Everyone but Rich heads to Iceland, and that’s when things really go off the rails and Madeline’s true plan comes into focus. While the team is in the air, arguing about who crossed the wrong line and who didn’t, Madeline and her lawyer open up their own investigation into the FBI, alleging that the team has gone rogue and are actually responsible for the power grid attack. These allegations are bolstered by the new director of national intelligence — not Weitz, but Nash. Madeline owns him, and he agrees to tracking down the team and prosecuting them.

Rich, alone and hiding in a vent, warns the team. As soon as they land in Iceland they’ll be arrested, so there’s only one choice: to jump. They strap parachutes to their backs, jump out of the plane, and meet the delightfully named Ice Cream, one of Rich’s dark-web buddies, on the ground. He gives them the password to get into the cryptocurrency mine, and Patterson goes about trying to reverse the grid damage. Again, there’s a problem. Kathy has set up some program that then makes the attack worse, and Paris and London go dark. Add in the ransom demanded by Dominic showing up in accounts under each team member’s name, and security footage of Patterson, Jane, and Weller beneath the museum, and you have some pretty damning evidence to back up Madeline’s claims.

With the team all but busted and on the run, Jane and Weller send Patterson to the safe house while they improvise and stage a hostage situation in the museum to buy Patterson some time. Things go south when the Icelandic police raid the building and Jane and Weller are handcuffed and tossed into the back of a police van. A bad situation… except it was orchestrated by Ice Cream to get them out.

Everybody meets back at the safe house, but the damage has been done. Weitz, who’s under Madeline’s control because she has evidence about the drone strike cover-up, holds a press conference about the team being dangerous rogue agents. Then, to Weitz’s surprise, Madeline steps behind the podium and announces a new Civilian Oversight Committee for the FBI. All of this, from poisoning the HCI executives to planning Helios, was so that she could essentially take control of the FBI, the institution she holds responsible for killing her father and ruining her family. Now she has that control. Rich is taken to some place called the Boat, which seems less like a yacht and more like a place to use some shady interrogation techniques, and Nash manages to track down the team’s safe house.

Inside the safe house, the team makes up. They forgive each other for their past sins and reaffirm that any lines they cross, they do so in order to protect each other because they’re family. They all agree to get some sleep, and then set about crafting new identities and working to get their names cleared so that they can return to the U.S. and take Madeline down. Zapata even puts her hand on Reade’s; everyone is together again.

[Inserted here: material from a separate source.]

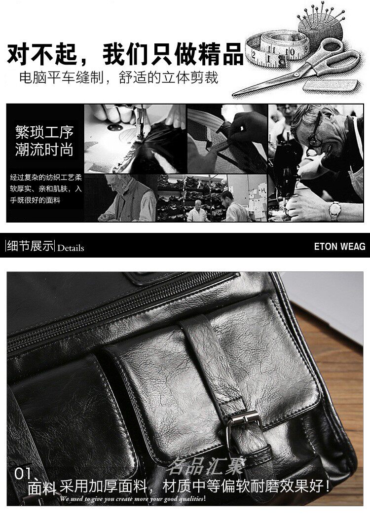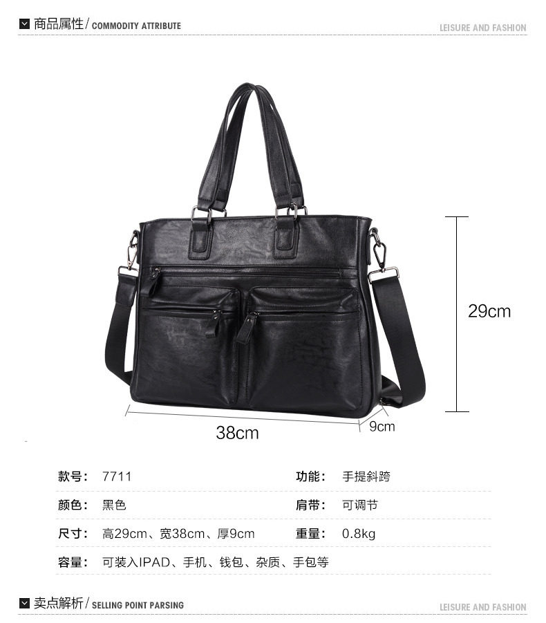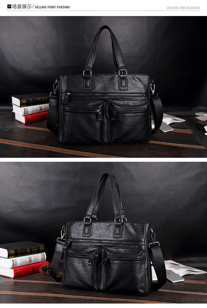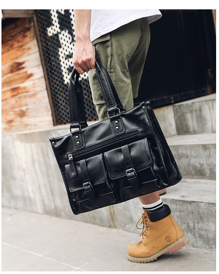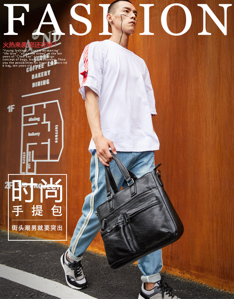 European and American New Style Genuine Leather Men's Handbag, Horizontal Casual Business Briefcase, British Style Youth Shoulder Bag, Crossbody Bag

Jane takes the first watch outside the safe house, and Nash orders a drone strike, one confirmed by the nod of Madeline’s head. Weitz watches in disbelief as the new “FBI” launches a drone strike against the team. As Jane turns and looks at the house, a smile on her face because they’re all together and that’s how they’ll beat Madeline, the strike hits. The house explodes into a million pieces, nothing but fire and debris. And the episode cuts to the credits.

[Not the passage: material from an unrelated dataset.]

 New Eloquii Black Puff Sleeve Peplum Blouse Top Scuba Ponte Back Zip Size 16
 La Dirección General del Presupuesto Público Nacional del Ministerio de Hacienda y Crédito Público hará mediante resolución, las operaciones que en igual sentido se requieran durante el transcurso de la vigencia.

My God. What an ending. Is there a chance the team somehow hid in the tunnels underneath the safe house, the ones Ice Cream mentioned “collapse all the time”? Will anybody survive this? Will the final season be Jane seeking revenge alone, looking to clear the names of the people who brought her back from being a blank slate of a person? So many questions, and so many months until we get the fifth and final season. The wait is already too much to bear.